Data for this task:
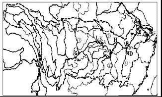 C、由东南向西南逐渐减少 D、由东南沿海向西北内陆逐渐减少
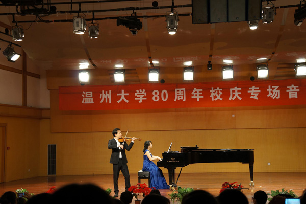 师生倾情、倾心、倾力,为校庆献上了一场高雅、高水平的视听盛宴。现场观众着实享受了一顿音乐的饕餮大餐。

==

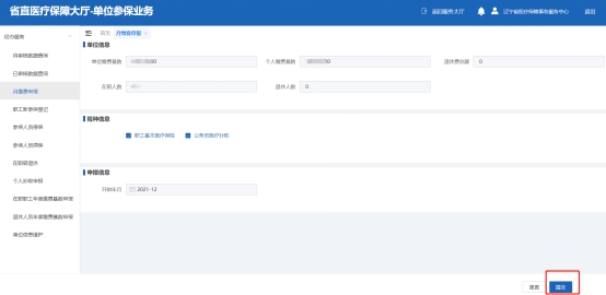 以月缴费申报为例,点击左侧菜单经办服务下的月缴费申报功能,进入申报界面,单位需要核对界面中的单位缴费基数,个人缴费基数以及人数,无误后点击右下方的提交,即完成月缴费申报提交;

==

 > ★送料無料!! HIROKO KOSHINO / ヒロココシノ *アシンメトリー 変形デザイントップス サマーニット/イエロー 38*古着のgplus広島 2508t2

Required action: Both the line above containing "C、由东南向西南逐渐减少 D、由东南沿海向西北内陆逐渐减少" and the line containing "师生倾情、倾心、倾力,为校庆" belong in the copy, along with every line between them; print these exactly and omit the pictures.

Task answer:
 C、由东南向西南逐渐减少 D、由东南沿海向西北内陆逐渐减少
 师生倾情、倾心、倾力,为校庆献上了一场高雅、高水平的视听盛宴。现场观众着实享受了一顿音乐的饕餮大餐。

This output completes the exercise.